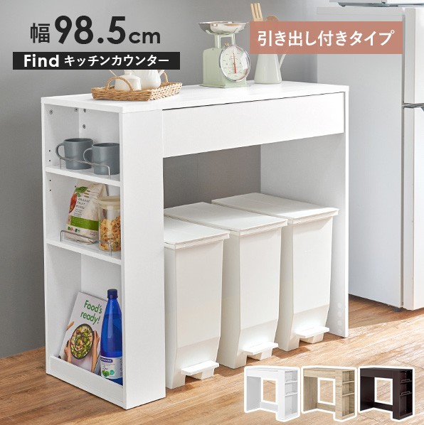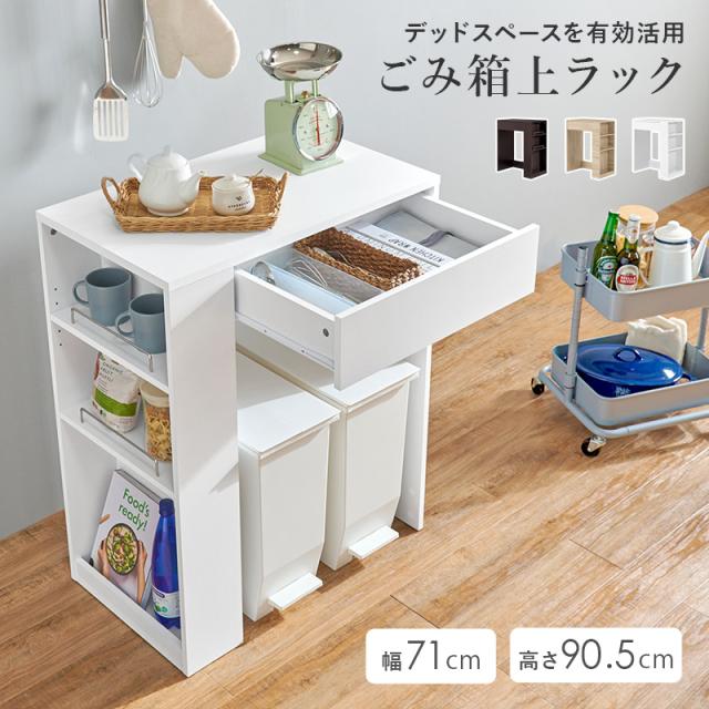 ゴミ箱上ラック 幅71 キッチンカウンター キッチン収納 レンジ台 キッチンラック スリム ゴミ箱上収納 ラック 収納棚 レンジ台 作業台 ファインド カウンターテーブル ゴミ箱 おしゃれ 収納 白 引き出し 木
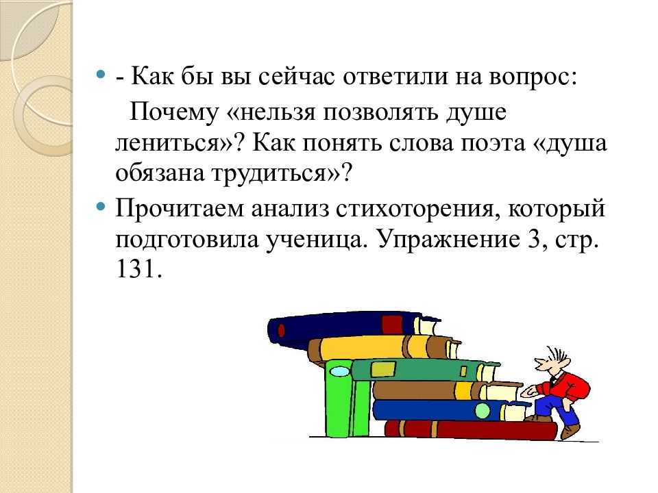 - Как бы вы сейчас ответили на вопрос: Почему «нельзя позволять душе лениться»? Как понять слова поэта « душа обязана трудиться »? Прочитаем анализ стихоторения, который подготовила ученица. Упражнение 3, стр. 131.
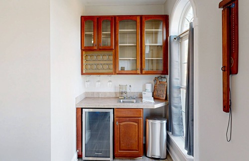 for those needing to work remotely, there's a private work area in the main-level bedroom, offering a quiet and comfortable space
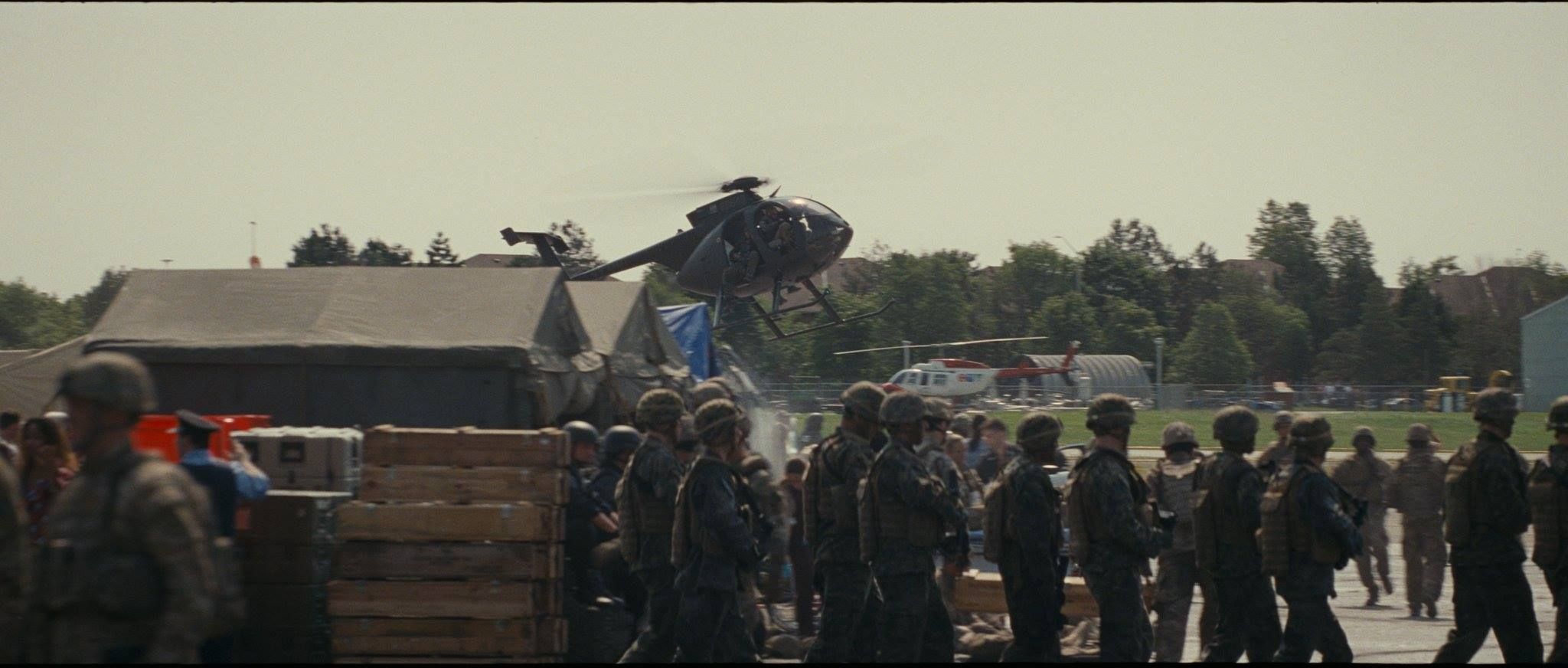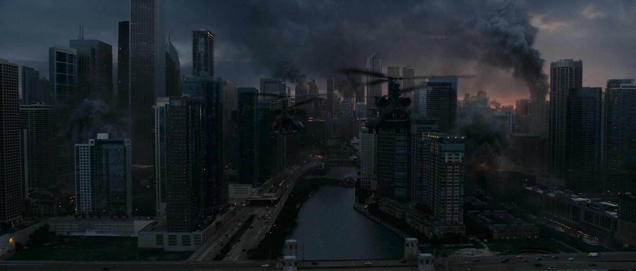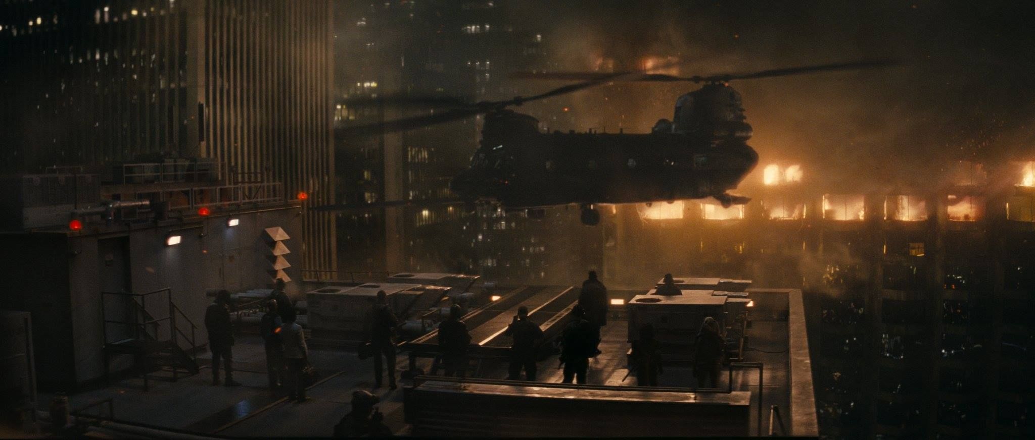 Los helicópteros y edificios destruidos se crearon en post-producción.

Exercise directions: Exactly the lines from the one containing "- Как бы вы" through the last line of the material above, both included and free of pictures, should make up your answer, please.

Result for this task:
 - Как бы вы сейчас ответили на вопрос: Почему «нельзя позволять душе лениться»? Как понять слова поэта « душа обязана трудиться »? Прочитаем анализ стихоторения, который подготовила ученица. Упражнение 3, стр. 131.
 for those needing to work remotely, there's a private work area in the main-level bedroom, offering a quiet and comfortable space
 Los helicópteros y edificios destruidos se crearon en post-producción.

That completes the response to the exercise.